Israel will not remove any more towns, be they Arab or Jewish, Prime Minister Benjamin Netanyahu announced to applause Wednesday night at an event celebrating 50 years of Israeli control over the West Bank and Golan Heights.
"There will be no more uprooting of towns in the Land of Israel," Netanyahu said at the event in Gush Etzion, titled "50 Years of Settlement in Judea and Samaria." "It isn't just a question of the connection to the homeland, but before all that, it isn't the way to make peace. We won't uproot Jews or Arabs," he said.
"It wasn't peace that we got when we uprooted towns," the prime minister said. "It was terrorism and missiles that we got, and we won't repeat that. That was just the teaser to what is taking place now in the Middle East. Every territory that falls to extremist Islam becomes a base of destruction, of violence, of death, so we won't abandon our national home to danger."
Knesset Speaker Yuli Edelstein said at the event: "There are wise people in our country who have specialized in differentiating between this dream and that dream. Distinguishing between 'us' and 'you.' Either Amona or Dimona. Either Kiryat Arba or Kiryat Shmona. Either an investment in territory in the homeland to which we returned in '48 or that to which we returned in '67. There's no greater lie than that. Thousands of years of Jewish existence have proven again and again that there is only formula for victor: the formula of unity and connection."
Education Minister Naftali Bennett released a video for the event with soaring aerial shots of settlements and the countryside that he later shared on his Hebrew-language Facebook page. Quoting from and abridging from Ecclesiastes, he emphasized his position that the territories Israel still held since conquering them in 1967 were its property "by right and not by charity. As sons who returned to their own land and not as foreign invaders. Even if there's opposition in the world, we'll surmount it."
Even before it began, the event stirred debate following the Supreme Court's decision not to send a representative to the ceremony, explaining that the commemoration was too politically controversial.
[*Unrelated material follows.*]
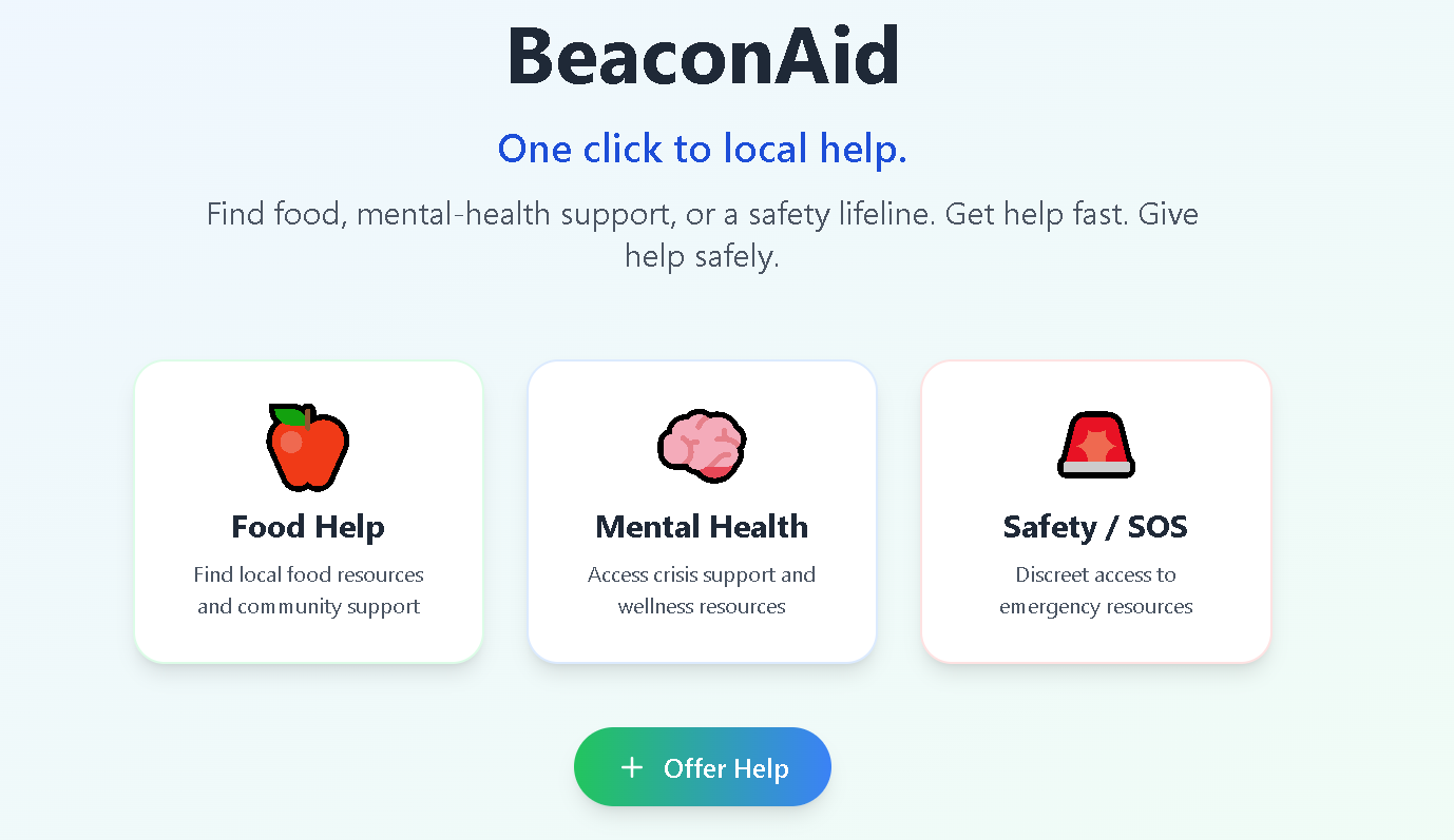 We wanted to create a simple, one-click platform that connects people in urgent need with local help. From food shortages to mental health support and personal safety, real-world crises often lack a fast, accessible digital solution. BeaconAid aims to bridge that gap and make help just a click away.

Supreme Court President Miriam Naor had announced her decision on Tuesday, and Wednesday she explained, "The court system avoids participating in any controversial public event, in particular when the entire stage is dedicated to one side."
The High Court backed up its president later that day when it rejected a petition by the right-wing Regavim nonprofit organization to reverse Naor’s decision or cancel the ceremony. "The decision not to take part in the controversial event, which could be interpreted as having a political nature, is also necessary to protect the independent status of the judicial branch and to preserve the public's faith in the legal system,” Justice Uri Shoham wrote.
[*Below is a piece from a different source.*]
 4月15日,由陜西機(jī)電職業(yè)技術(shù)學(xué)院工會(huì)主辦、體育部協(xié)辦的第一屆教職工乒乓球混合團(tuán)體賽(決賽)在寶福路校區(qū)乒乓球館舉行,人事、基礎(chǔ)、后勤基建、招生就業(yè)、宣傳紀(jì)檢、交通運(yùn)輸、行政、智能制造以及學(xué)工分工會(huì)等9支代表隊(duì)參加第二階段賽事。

Cabinet ministers criticized the Supreme Court's position, claiming it proves the court is biased against settlers and the settlement enterprise. Justice Minister Ayelet Shaked wrote a public letter in which she accused Naor of "unraveling the official nature of an event decided on by the government and created the semblance of a political event."
Defense Minister Avigdor Lieberman said the decision calls into question the top court's ability to rule impartially on issues pertaining to the West Bank."The decision by president Naor raises questions," he posted to his Facebook page, "and casts a heavy shadow regarding the court's ability to deal in an impartial manner with issues related to the West Bank when the court itself says these are political [issues]."
Culture Minister Miri Regev told the pro-government Israel Hayom newspaper that she was considering dropping the top court's judges from the list of officials invited to official events, which is usually the responsibility of the Israel Information Center in her ministry.
Regev opened the ceremony by commenting that Naor's decision provided support to the Boycott, Divestment Sanctions movement. "I respect her," Regev claimed, "but we're crossing a serious and dangerous red line here in Israeli democracy."
Tourism Minister Yariv Levin said in response that from now on judges should not to be invited to official government events.